#### DIRECTIONS
Copy each line of the data below exactly, leaving out pictures.

#### SUPPLIED DATA
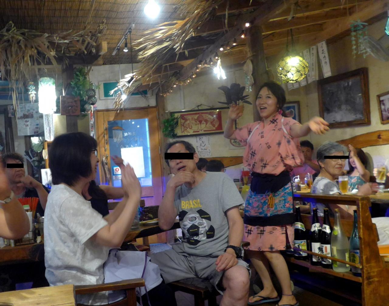 2018.7フィンランド人と一緒に西表・石垣旅行11-うさぎや新館で島唄で大騒ぎ オジー自慢のオリオンビール...
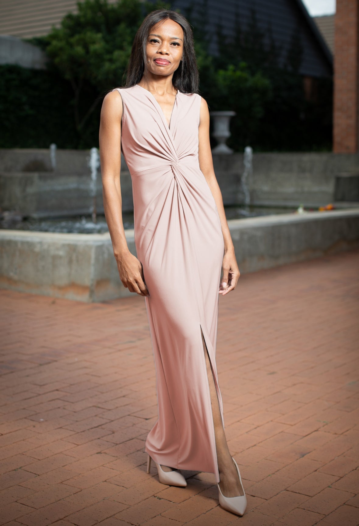 This is the perfect dress for versatility. Featuring a knot-detail in the front and a low cut neckline, making it elegant and sexy
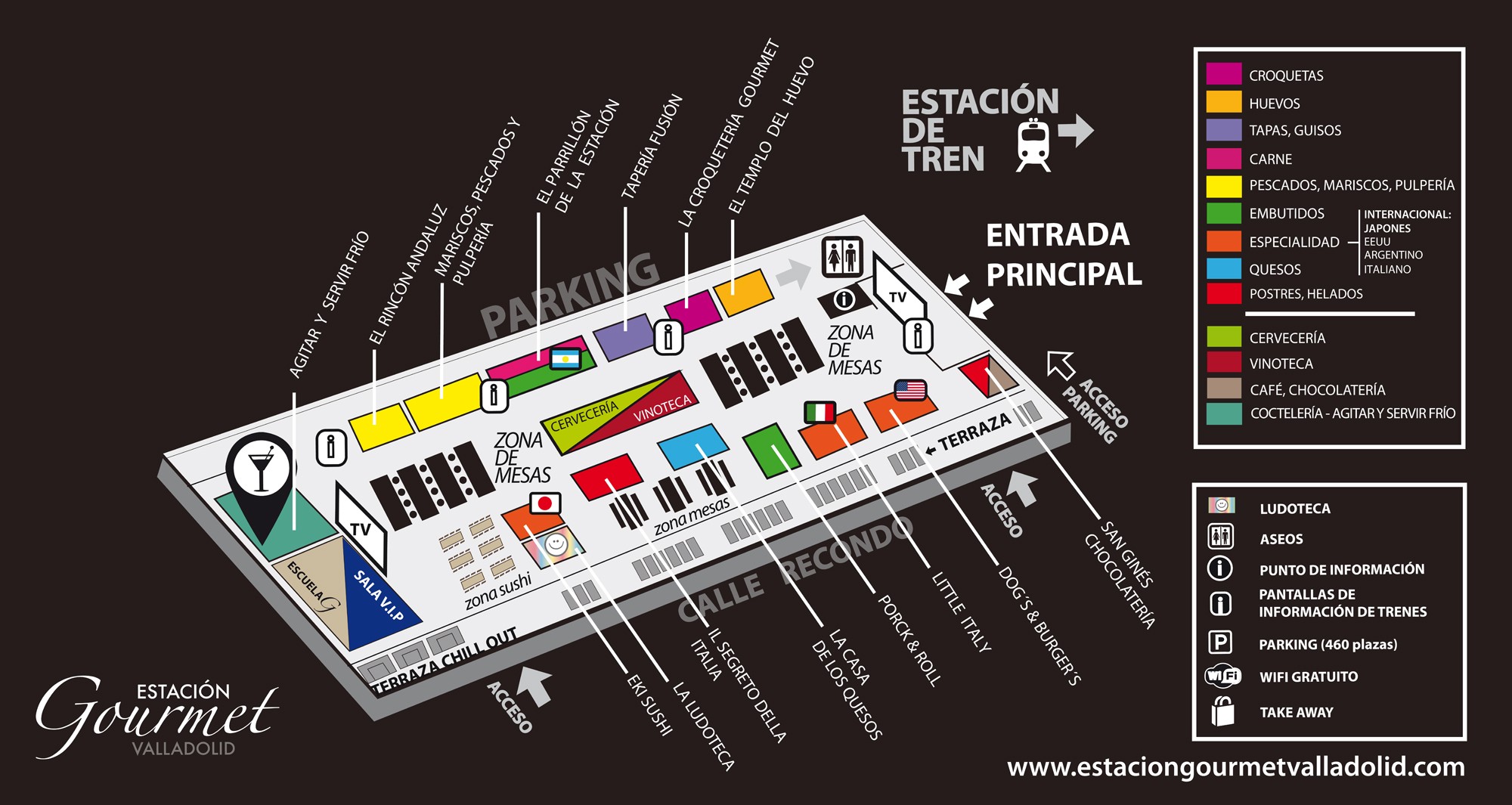 Por esto que la Estación Gourmet de Valladolid pretenda convertirse en el primer salón gastronómico permanente de Castilla y León en el cual, en un mismo espacio, se puedan degustar las mejores tapas, los mejores productos, maridados todos ellos con productos de la zona o bien con cocteles exclusivos.

#### RESULT
 2018.7フィンランド人と一緒に西表・石垣旅行11-うさぎや新館で島唄で大騒ぎ オジー自慢のオリオンビール...
 This is the perfect dress for versatility. Featuring a knot-detail in the front and a low cut neckline, making it elegant and sexy
 Por esto que la Estación Gourmet de Valladolid pretenda convertirse en el primer salón gastronómico permanente de Castilla y León en el cual, en un mismo espacio, se puedan degustar las mejores tapas, los mejores productos, maridados todos ellos con productos de la zona o bien con cocteles exclusivos.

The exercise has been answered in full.